It should be noted that, if only one device group is included in the device set, the starting position of the executing device in the device group is the starting position of the task to be executed, and the destination position of the executing device in the device group is the destination position of the task to be executed.

After determining the scheduling instruction of the execution device in each device group, the scheduling instruction may be sent to each execution device. Since the device groups are arranged according to the execution sequence, the method for sending the scheduling command in this step is as follows: and according to the arrangement sequence of the equipment groups, sequentially sending corresponding scheduling instructions to the equipment groups including the execution equipment. Specifically, the device group sequentially located at the first position in the device set may directly send the scheduling instruction of the device group, and may receive a completion message returned after the execution of the execution device in the device group sequentially located at the first position is completed, and after all the execution devices in the device group sequentially located at the first position return the completion message, may send the scheduling instruction to the execution device in the device group sequentially located at the second position in the device set, that is, for the nth device group in the device set, after receiving the completion message returned by all the execution devices in the device group sequentially located at the previous position of the nth device group, the scheduling instruction corresponding to the nth device group is sent to the execution device included in the nth device group, where N is an integer greater than 1 and less than the total number of the device groups.

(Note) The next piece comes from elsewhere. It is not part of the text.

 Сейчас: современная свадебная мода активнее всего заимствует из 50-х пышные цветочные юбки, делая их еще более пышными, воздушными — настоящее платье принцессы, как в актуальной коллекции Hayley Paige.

It should be noted that the scheduling instruction of each execution device may further include information such as a name and an identifier of a device group to which the execution device belongs, and a position arranged in the device set.

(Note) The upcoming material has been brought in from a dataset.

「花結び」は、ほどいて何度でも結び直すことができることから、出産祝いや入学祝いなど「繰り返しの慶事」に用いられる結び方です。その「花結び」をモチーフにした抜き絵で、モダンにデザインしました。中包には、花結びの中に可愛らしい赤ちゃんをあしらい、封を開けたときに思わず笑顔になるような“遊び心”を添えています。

In the embodiment of the invention, the task type of the task to be executed is further accurate, the device set corresponding to the task to be executed is determined by combining the area information, the starting position, the target position and the like of the task to be executed, the execution devices in the device set are further scheduled, a more accurate device set can be determined for the task to be executed, the more accurate scheduling of the execution devices is performed, and the requirements of various services are met. Meanwhile, in the embodiment of the invention, the to-be-executed tasks issued by the external system are executed through the equipment set formed by different combinations of the equipment groups, and the load codes do not need to be compiled for the to-be-executed tasks, so that the workload is reduced, and the development efficiency of the equipment scheduling system is improved.

The method for sending the scheduling command in step S204 will be specifically described below with reference to the embodiment shown in fig. 2. As shown in fig. 6, the method includes the following steps.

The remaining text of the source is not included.